Redstone Federal Credit Union
- Company type: Credit Union
- Industry: Financial services
- Founded: 1951; 75 years ago
- Headquarters: Huntsville, Alabama, United States
- Area served: North Alabama/Central Tennessee
- Key people: Joseph H. Newberry, President and CEO
- Products: Savings; Checking; Consumer loans; Mortgages; Credit cards; Investments; Insurance; Small business financing; Cash management
- Total assets: $7.5 billion USD
- Number of employees: 1,357 (2025)
- Subsidiaries: Redstone Services Group, LLC; Redstone Title Services
- Website: www.redfcu.org

= Redstone Federal Credit Union =

Credit union based in Huntsville, Alabama

Redstone Federal Credit Union (or RFCU) is an American credit union based in Huntsville, Alabama. Founded in 1951, Redstone is one of Alabama's largest credit union and is federally chartered, regulated and insured through the National Credit Union Administration (NCUA). As of 2021, Redstone Federal Credit Union operated 27 branches across Alabama and Tennessee.

==History==
Redstone opened on November 28, 1951, in order to serve employees of the Redstone Arsenal. The credit union's initial membership consisted of eleven individuals with assets totaling $55.

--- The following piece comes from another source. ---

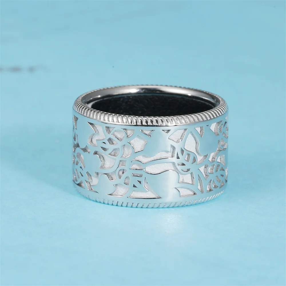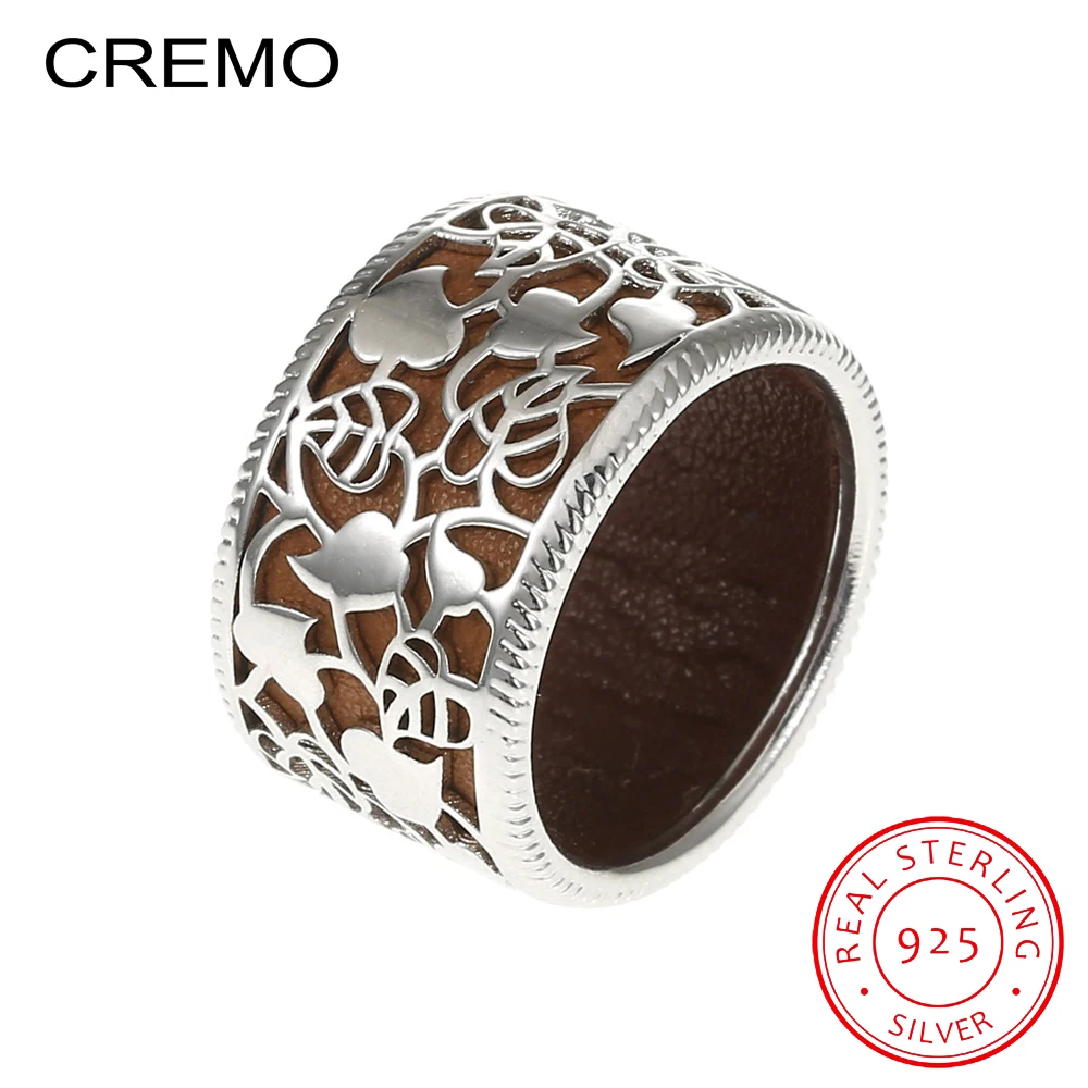 Rattan Flower Pure Silver Retro Classic Ring For Woman Bijouterie Transform Leather Color Rings Patent Unique Design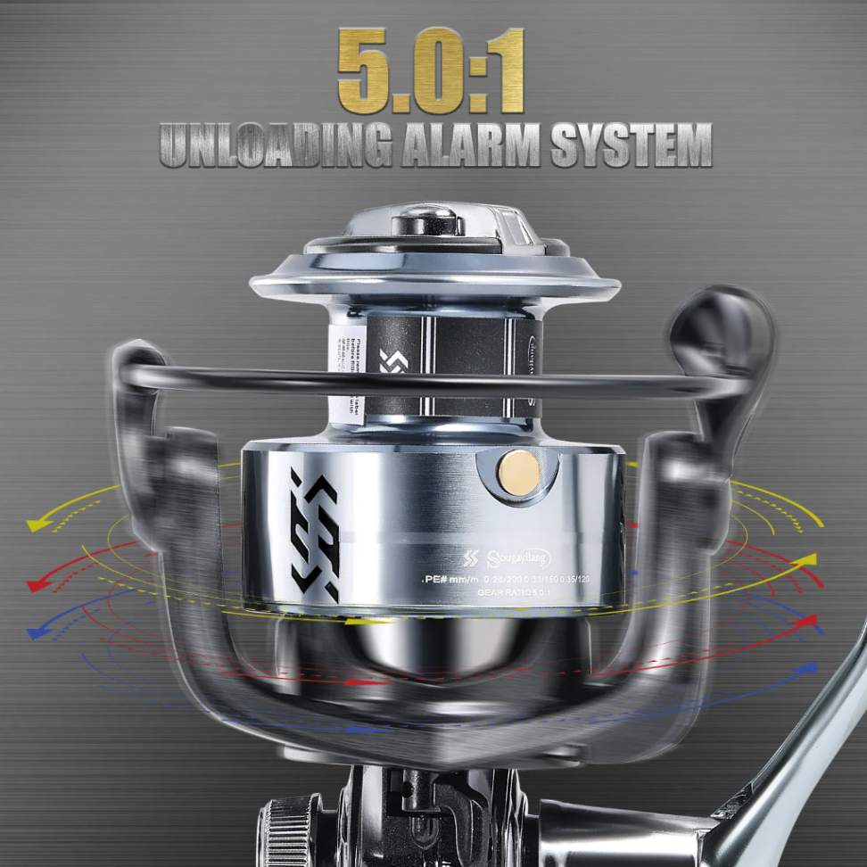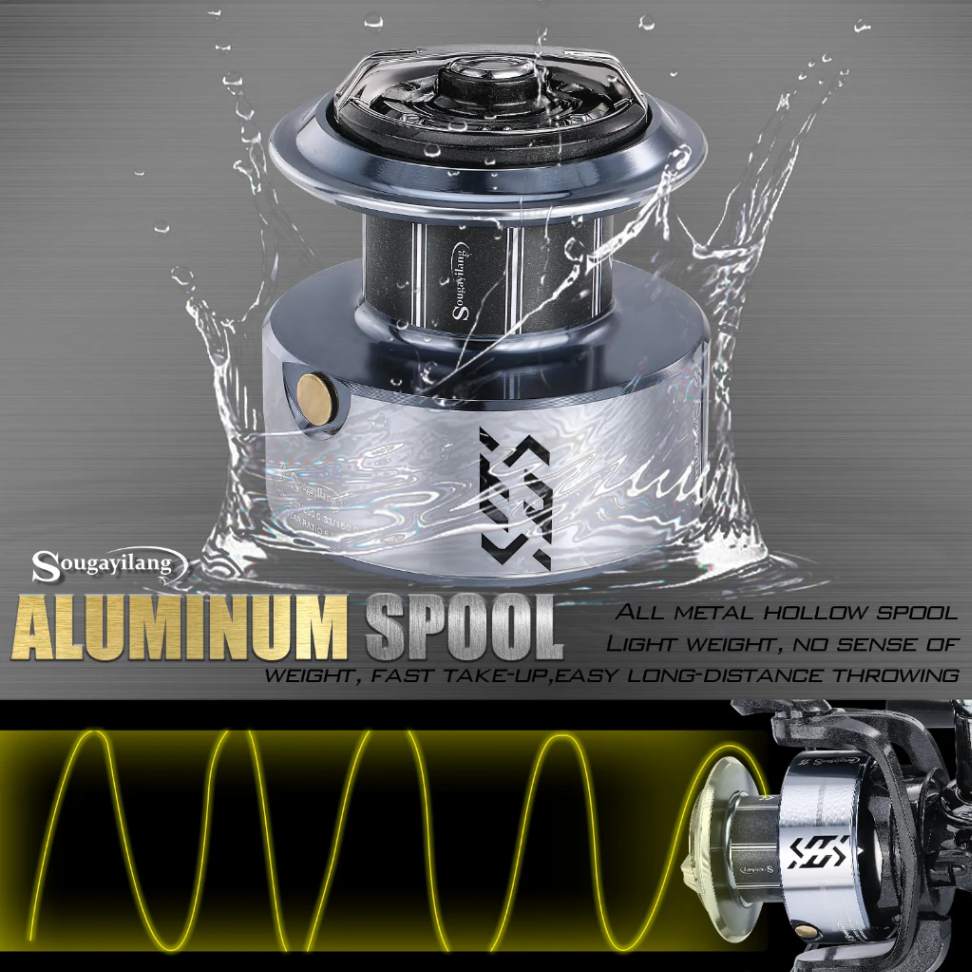 5. Metal spool,bold guide line ring, EVA grip,have high quality Silvery body.

In 2018, Redstone Federal Credit Union was recognized as the Credit Union of the Year by the National Association of Federally Insured Credit Unions.

==Services==
Products and services offered by Redstone Federal Credit Union include savings and checking accounts, small business financing and cash management solutions, and investment and insurance services. The credit union also contains a real estate department which offers mortgage products and home equity loans. Redstone Federal Credit Union members also have access to over 75,000 ATMs located throughout the United States.